Explain the meaning and wider significance of the following quote: “The words ‘to make money’ hold the essence of human morality.” According to the story of Atlas Shrugged, what ideas underlie the opposing maxims that “money is the root of all evil” and that “money is the root of all good”?
“There is only one fundamental alternative in the universe,” John Galt says, “existence or nonexistence.”(926) The connotations of evil that have been attached to money throughout history, and those of good that have been championed in Atlas Shrugged, are but a concretization of this fundamental alternative.
The heroes of the story fundamentally differ from the villains by first acknowledging the necessity of making this basic choice, and then by the choice itself. Every penny they thus make is by choosing their own selves over the society, their rationality over the collective whim and their productivity over the collective impotence. They create value of goods by means of their own vision and volition. They know that one always has a choice, but one cannot escape the necessity of making it. The villains have evaded choice all their lives, which is a huge moral error in many different ways. Evading the necessity of choice is firstly a metaphysical default, since it comes from evading reality (as James Taggart demonstrates when he defends Directive 10289, crying “Nobody will be permitted to decide anything. It will be decided once and for all.” (502)) – and later invariably culminates into stark contradictions. The looters have always ignored this axiom and have built edifices of trickery and contradictions around their ignorance of the axiom. But whenever they saw their mechanism crumbling, they called upon the heroes to act for them. They have been happy to let the heroes choose for them, and yet they are always the first to claim the rewards of these choices – choices that are rational, choices that are results of unyielding integrity. The villains are what Francisco calls ‘hitchhikers of virtue’, “…men who live by force, yet count on those who live by trade to create value for their looted money.” (383)

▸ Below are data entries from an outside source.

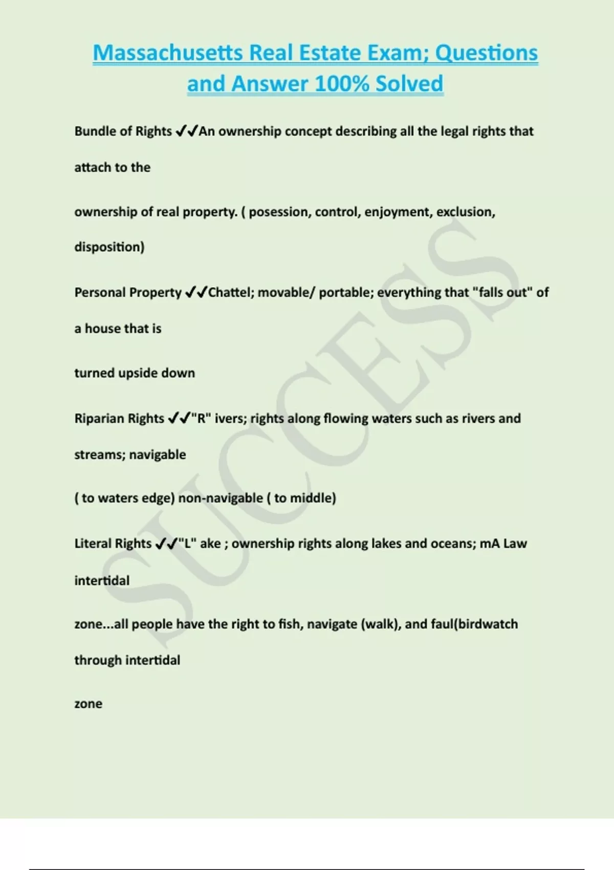 Literal Rights ✔✔"L" ake ; ownership rights along lakes and oceans; mA Law
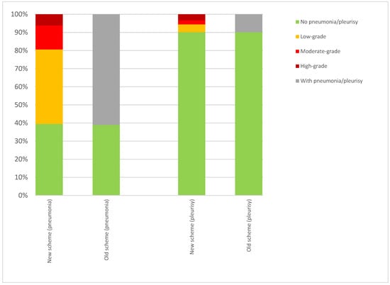 The slightly higher rate of pneumonia under the old scheme may reflect that unhealthy batches of pigs were slaughtered and recorded in the extended time period for data collection more frequently compared to those in the new scheme. Analysis of the subset of carcasses evaluated according to both schemes showed no difference in prevalence. Although the introduction of the low-grade level might be understood as more sensitive in contrast to the old approach, the data from the pigs that were assessed in parallel with the both schemes (Figure 3) showed similar frequencies of recorded pathological changes. This confirms that lungs without alterations are distinguished from those with low-grade alterations using both schemes.
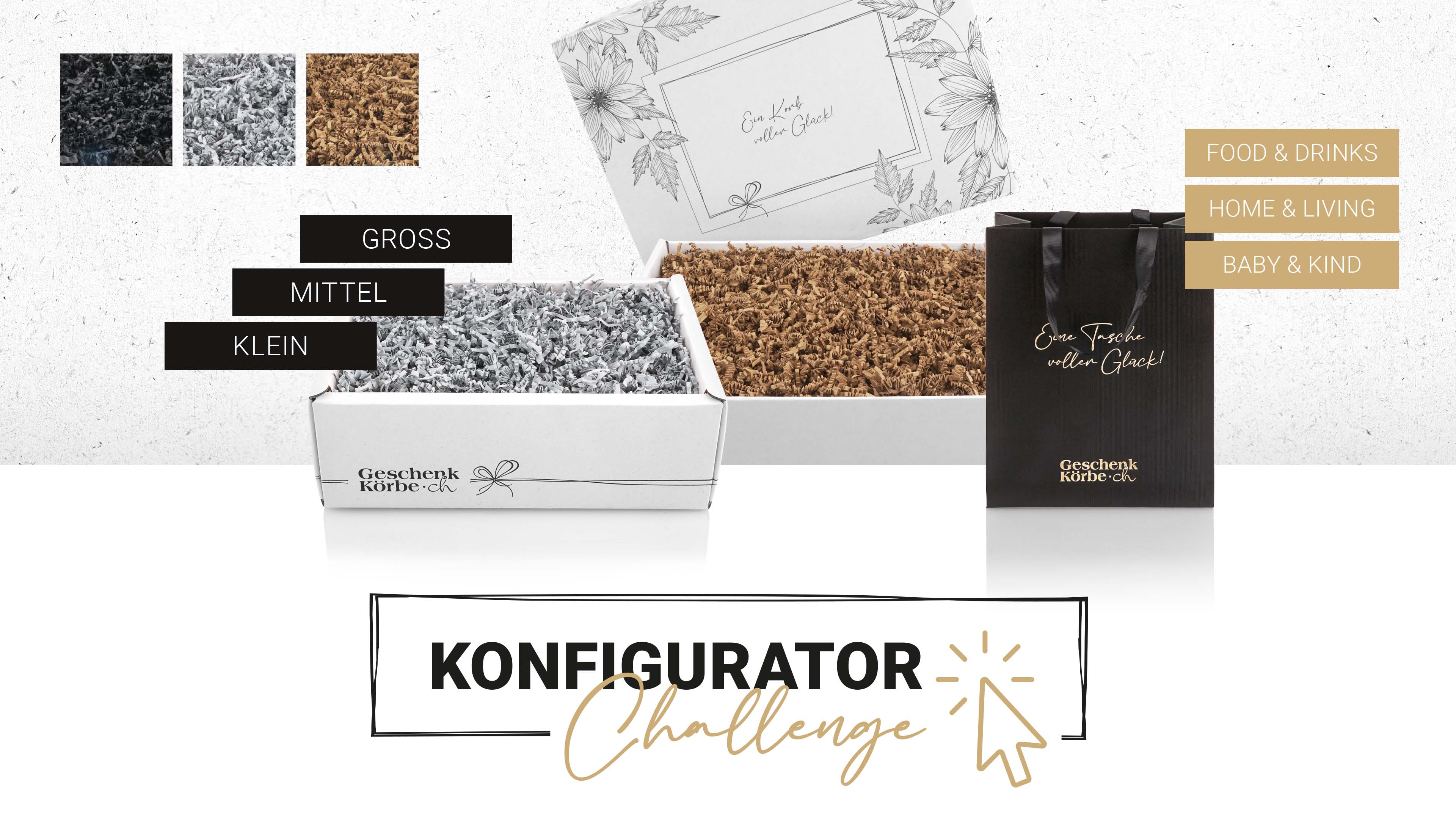 Wähle zuerst die Art des Korbes aus. Klicke auf eine Verpackung und bestimme die gewünschte Grösse und die Farbe des Füllmaterials. Die Konfiguration kann später noch verändert werden.

The looters have always taken the productivity of the movers for granted. As Francisco tells Rearden, the looters are using the movers’ love for their work as a weapon against them. The looters have been preying on the movers, ignoring their motivations. They have been evading the causality behind money for so long that they have grown to believe there exists no deeper thought or morality behind the production of goods – as if production were a dead process devoid of any spirit or humanity. The other extreme of this fallacy is exhibited by Mayor Bascom, “No principle ever filled anyone’s milk bottle. The only thing that counts in life is solid, material assets.” (275) Balph Eubank says “Men have lost all spiritual value in the pursuit of material production and technological trickery” (128). He does not recognize that material pursuits are not as such the motivation of men. And technology is merely an expression of the human mind and its ability to create wealth and value, towards building sustenance and earning ever higher standards of living. What is basically Rearden’s immense potential to create wealth by giving value to his products and his rightful ownership of such products is taken to be nothing more than his material greed – not recognizing that it takes a man like Rearden to go beyond material pursuits and give his wealth its true meaning. A compelling personification of this idea is Rearden’s brother Philip, who lives on Rearden’s charity, begs him for a job and is still capable of calling Rearden “the blackest element of social retrogression” (47) with an air of sincere righteousness. The looters fail to recognize that humanity has survived only by the courtesy of the men of mind, men who have been dragging the rest of humanity simply as dead weight. That the men of the mind did not exact their deserved value from the looters is why the looters continue to condemn the heroes for the very things that make them heroes. As Francisco so desperately tries to tell Dagny, and Rearden – “This is not a battle over material goods, it’s a moral crisis… We produced the wealth of the world, but we let our enemies write its code.” (570)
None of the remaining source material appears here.